In one third of the DNA matches processed on January 7, 2016, the Convicted Offender's DNA was found in the NDDB because he or she had already been convicted of committing a secondary designated offence, such as impaired driving or common assault. This demonstrates how important it is to obtain DNA collection orders whenever possible for secondary offence convictions. In other words, DNA collected for non-violent criminal convictions often helps solve more serious, violent crimes later on.
While the DNA profiles processed on January 7, 2016 provided assistance on many property crime investigations, just over half the files processed that day helped with the investigation of violent crimes such as murder, sexual assault and assault with a weapon. One of these files was a violent rape that occurred in the early morning hours on New Year's Day, 2016, in Newmarket, Ontario.

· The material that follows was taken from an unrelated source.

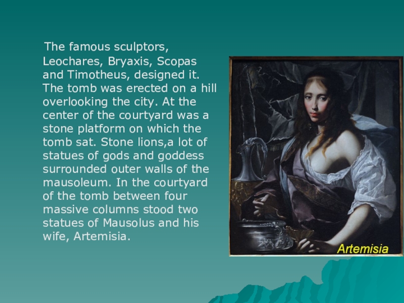 Слайд 14 The famous sculptors, Leochares, Bryaxis, Scopas and Timotheus, designed

DNA evidence leads to a dangerous offender being arrested and charged quickly, possibly preventing subsequent assaults
On January 1, 2016, in Newmarket, Ontario, a young woman was attacked while walking home along a pathway at 3am. A man who had been following her knocked her to the ground and dragged her down an embankment where he sexually assaulted her causing internal injuries. The victim managed to escape when the attack was interrupted by a passerby. She ran to a nearby street, half naked and bleeding, and flagged down a vehicle for help. A sexual assault examination was performed in the hospital and samples were collected for DNA analysis. The DNA was vital to this investigation because her attacker's face had been partially obscured by clothing so the victim could not identify him. Due to the violent nature of the attack and the risk to public safety, the crime scene DNA analysis was prioritized. It was processed quickly by the Center of Forensic Sciences (CFS) and added to the NDDB's Crime Scene Index, then cross-referenced with the Convicted Offenders Index. It produced an immediate match. The assailant was identified as 37-year-old Kevin Wyatt. His DNA profile had been entered into the NDDB in 2005 when he was convicted of assault, a secondary designated offence. On January 8, 2016, just one week after he committed the Newmarket sexual assault, Wyatt was identified, arrested and charged. On January 9, 2017, he pled guilty to sexual assault.
This case involved a large number of tips from the public, none of which initially led investigators in the direction of the accused. In just over a week's time, thanks to the CFS and the NDDB, we had quickly identified and arrested the individual responsible for this violent rape. The rapid turnaround time of the NDDB hit may have safeguarded future individuals from becoming victims. The value of the NDDB to criminal investigators is unparalleled.